EXERCISE: The data below calls for an exact copy.

(Stored dataset items)
= Beginning of Section =

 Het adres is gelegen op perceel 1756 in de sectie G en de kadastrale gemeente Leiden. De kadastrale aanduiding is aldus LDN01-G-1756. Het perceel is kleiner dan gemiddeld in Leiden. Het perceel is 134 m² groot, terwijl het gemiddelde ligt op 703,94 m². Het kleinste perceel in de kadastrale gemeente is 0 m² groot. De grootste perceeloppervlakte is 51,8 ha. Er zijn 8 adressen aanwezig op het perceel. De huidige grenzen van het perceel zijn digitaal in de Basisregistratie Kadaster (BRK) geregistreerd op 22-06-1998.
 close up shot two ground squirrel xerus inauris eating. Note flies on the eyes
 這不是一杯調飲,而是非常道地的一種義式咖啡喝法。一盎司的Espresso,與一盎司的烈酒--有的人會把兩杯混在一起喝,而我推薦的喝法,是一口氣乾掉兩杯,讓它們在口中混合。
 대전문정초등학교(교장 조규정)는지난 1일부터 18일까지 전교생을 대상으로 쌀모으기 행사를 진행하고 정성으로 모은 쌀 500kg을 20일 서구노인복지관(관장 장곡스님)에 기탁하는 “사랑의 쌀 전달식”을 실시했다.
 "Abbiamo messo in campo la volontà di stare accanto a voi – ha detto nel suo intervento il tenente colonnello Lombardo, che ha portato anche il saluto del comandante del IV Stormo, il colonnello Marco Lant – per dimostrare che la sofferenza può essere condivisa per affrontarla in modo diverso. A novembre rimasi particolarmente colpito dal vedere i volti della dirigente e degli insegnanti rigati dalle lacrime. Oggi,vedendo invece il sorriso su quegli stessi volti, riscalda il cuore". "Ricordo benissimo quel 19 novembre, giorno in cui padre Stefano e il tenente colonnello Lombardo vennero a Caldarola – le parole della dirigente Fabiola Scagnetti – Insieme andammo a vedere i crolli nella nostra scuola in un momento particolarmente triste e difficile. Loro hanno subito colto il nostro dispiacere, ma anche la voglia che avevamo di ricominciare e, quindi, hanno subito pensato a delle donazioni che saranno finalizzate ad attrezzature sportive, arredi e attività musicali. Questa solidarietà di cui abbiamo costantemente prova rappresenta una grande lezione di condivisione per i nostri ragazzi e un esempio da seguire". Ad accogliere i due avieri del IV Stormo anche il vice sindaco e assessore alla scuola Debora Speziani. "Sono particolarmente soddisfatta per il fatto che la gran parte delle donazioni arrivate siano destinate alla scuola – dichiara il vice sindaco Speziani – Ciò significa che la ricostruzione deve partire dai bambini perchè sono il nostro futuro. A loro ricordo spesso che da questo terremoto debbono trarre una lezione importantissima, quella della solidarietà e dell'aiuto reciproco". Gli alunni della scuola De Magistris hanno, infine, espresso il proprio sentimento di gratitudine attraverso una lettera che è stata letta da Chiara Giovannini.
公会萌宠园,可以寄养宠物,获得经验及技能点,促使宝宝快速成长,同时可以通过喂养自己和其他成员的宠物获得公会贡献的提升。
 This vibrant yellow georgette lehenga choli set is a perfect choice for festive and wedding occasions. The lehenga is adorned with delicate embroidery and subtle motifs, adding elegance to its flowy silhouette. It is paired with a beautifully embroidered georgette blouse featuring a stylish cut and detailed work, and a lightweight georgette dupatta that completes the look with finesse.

= End of Section =

WRITTEN SOLUTION:
 Het adres is gelegen op perceel 1756 in de sectie G en de kadastrale gemeente Leiden. De kadastrale aanduiding is aldus LDN01-G-1756. Het perceel is kleiner dan gemiddeld in Leiden. Het perceel is 134 m² groot, terwijl het gemiddelde ligt op 703,94 m². Het kleinste perceel in de kadastrale gemeente is 0 m² groot. De grootste perceeloppervlakte is 51,8 ha. Er zijn 8 adressen aanwezig op het perceel. De huidige grenzen van het perceel zijn digitaal in de Basisregistratie Kadaster (BRK) geregistreerd op 22-06-1998.
 close up shot two ground squirrel xerus inauris eating. Note flies on the eyes
 這不是一杯調飲,而是非常道地的一種義式咖啡喝法。一盎司的Espresso,與一盎司的烈酒--有的人會把兩杯混在一起喝,而我推薦的喝法,是一口氣乾掉兩杯,讓它們在口中混合。
 대전문정초등학교(교장 조규정)는지난 1일부터 18일까지 전교생을 대상으로 쌀모으기 행사를 진행하고 정성으로 모은 쌀 500kg을 20일 서구노인복지관(관장 장곡스님)에 기탁하는 “사랑의 쌀 전달식”을 실시했다.
 "Abbiamo messo in campo la volontà di stare accanto a voi – ha detto nel suo intervento il tenente colonnello Lombardo, che ha portato anche il saluto del comandante del IV Stormo, il colonnello Marco Lant – per dimostrare che la sofferenza può essere condivisa per affrontarla in modo diverso. A novembre rimasi particolarmente colpito dal vedere i volti della dirigente e degli insegnanti rigati dalle lacrime. Oggi,vedendo invece il sorriso su quegli stessi volti, riscalda il cuore". "Ricordo benissimo quel 19 novembre, giorno in cui padre Stefano e il tenente colonnello Lombardo vennero a Caldarola – le parole della dirigente Fabiola Scagnetti – Insieme andammo a vedere i crolli nella nostra scuola in un momento particolarmente triste e difficile. Loro hanno subito colto il nostro dispiacere, ma anche la voglia che avevamo di ricominciare e, quindi, hanno subito pensato a delle donazioni che saranno finalizzate ad attrezzature sportive, arredi e attività musicali. Questa solidarietà di cui abbiamo costantemente prova rappresenta una grande lezione di condivisione per i nostri ragazzi e un esempio da seguire". Ad accogliere i due avieri del IV Stormo anche il vice sindaco e assessore alla scuola Debora Speziani. "Sono particolarmente soddisfatta per il fatto che la gran parte delle donazioni arrivate siano destinate alla scuola – dichiara il vice sindaco Speziani – Ciò significa che la ricostruzione deve partire dai bambini perchè sono il nostro futuro. A loro ricordo spesso che da questo terremoto debbono trarre una lezione importantissima, quella della solidarietà e dell'aiuto reciproco". Gli alunni della scuola De Magistris hanno, infine, espresso il proprio sentimento di gratitudine attraverso una lettera che è stata letta da Chiara Giovannini.
公会萌宠园,可以寄养宠物,获得经验及技能点,促使宝宝快速成长,同时可以通过喂养自己和其他成员的宠物获得公会贡献的提升。
 This vibrant yellow georgette lehenga choli set is a perfect choice for festive and wedding occasions. The lehenga is adorned with delicate embroidery and subtle motifs, adding elegance to its flowy silhouette. It is paired with a beautifully embroidered georgette blouse featuring a stylish cut and detailed work, and a lightweight georgette dupatta that completes the look with finesse.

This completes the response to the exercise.